Permasalahan tuntutan karyawan pkwt dan pkwtt PT PMN, yang berdasar, mengacu pada UU nomor 13 tahun 2003 tentang ketenagakerjaan dan peraturan pemerintah nomor 35 tahun 2021 hal ini mengatur tentang perjanjian kerja waktu tertentu.
Sengketa tersebut dalam proses penanganan pihak Disnakertrans Bengkulu Utara, akan diselesaikan dengan cara Tripartite hal ini adalah upaya dinas terkait atas tindak lanjut surat yang di kirim, tentang laporan karyawan pkwt dan pkwtt PT PMN.

Dari informasi yang dihimpun awak media ini, tahapan sengketa antara mantan karyawan PT PMN dengan pihak PT PMN, terkait tuntutan hak kompensasi dan hak sisa kontrak berdasar kan sisa kerja yang belum di bayar oleh pihak PT PMN,
Hal sengketa tersebut telah diambil langkah penyelesaian oleh pihak pemerintah daerah kabupaten Bengkulu Utara melalui
Disnakertrans.

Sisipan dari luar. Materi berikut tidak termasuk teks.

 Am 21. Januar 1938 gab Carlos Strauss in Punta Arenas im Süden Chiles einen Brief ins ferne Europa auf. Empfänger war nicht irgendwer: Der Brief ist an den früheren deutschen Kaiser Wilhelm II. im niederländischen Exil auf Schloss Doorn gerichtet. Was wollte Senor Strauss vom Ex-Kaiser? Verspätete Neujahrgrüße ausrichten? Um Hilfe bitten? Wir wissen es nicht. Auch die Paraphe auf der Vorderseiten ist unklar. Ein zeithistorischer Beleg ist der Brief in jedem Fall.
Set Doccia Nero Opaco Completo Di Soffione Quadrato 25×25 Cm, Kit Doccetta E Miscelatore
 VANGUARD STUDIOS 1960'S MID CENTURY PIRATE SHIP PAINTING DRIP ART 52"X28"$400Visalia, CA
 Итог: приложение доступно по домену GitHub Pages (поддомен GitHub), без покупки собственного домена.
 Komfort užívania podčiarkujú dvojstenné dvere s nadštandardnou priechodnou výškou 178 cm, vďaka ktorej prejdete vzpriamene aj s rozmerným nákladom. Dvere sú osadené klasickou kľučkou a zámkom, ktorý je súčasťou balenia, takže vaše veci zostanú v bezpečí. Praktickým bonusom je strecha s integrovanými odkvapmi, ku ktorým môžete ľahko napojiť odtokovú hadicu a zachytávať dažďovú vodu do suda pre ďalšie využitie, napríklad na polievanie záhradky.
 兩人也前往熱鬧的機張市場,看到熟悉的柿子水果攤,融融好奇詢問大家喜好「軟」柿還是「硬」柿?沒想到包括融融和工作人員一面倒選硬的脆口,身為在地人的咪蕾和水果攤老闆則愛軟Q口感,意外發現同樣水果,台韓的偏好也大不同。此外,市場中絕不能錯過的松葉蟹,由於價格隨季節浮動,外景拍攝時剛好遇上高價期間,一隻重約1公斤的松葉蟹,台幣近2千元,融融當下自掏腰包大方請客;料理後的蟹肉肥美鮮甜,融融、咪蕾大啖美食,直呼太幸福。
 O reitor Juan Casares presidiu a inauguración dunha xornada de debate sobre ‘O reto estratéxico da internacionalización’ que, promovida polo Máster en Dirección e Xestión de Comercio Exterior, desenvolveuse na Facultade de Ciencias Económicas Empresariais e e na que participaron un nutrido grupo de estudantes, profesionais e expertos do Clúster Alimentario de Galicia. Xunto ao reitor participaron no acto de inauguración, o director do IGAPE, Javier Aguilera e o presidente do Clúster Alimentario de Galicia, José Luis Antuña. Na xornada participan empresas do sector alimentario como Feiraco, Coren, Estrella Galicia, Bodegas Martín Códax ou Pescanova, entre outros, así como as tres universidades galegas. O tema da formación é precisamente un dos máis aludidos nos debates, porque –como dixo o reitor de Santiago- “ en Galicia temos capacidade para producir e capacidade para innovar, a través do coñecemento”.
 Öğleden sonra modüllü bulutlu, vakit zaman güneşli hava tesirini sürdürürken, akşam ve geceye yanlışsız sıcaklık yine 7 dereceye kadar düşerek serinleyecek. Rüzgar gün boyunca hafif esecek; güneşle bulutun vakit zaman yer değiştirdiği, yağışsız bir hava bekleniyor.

Langkah tersebut mendapatkan apresiasi baik oleh salah satu jubir, pihak mantan karyawan PT PMN, Nurhasan HR.
Nurhasan HR menyampaikan kepada media ini sebagai juru bicara pihak mantan karyawan PT PMN, Melalui via WhatsApp, dirinya sangat mengapresiasi atas upaya pemerintah daerah kabupaten Bengkulu Utara dalam mengambil kebijakan atas sengketa ini. Upaya penyelesaian secara Tripartit juga langkah yang beik. Ujar Nurhasan. Sabtu (26/04/2025).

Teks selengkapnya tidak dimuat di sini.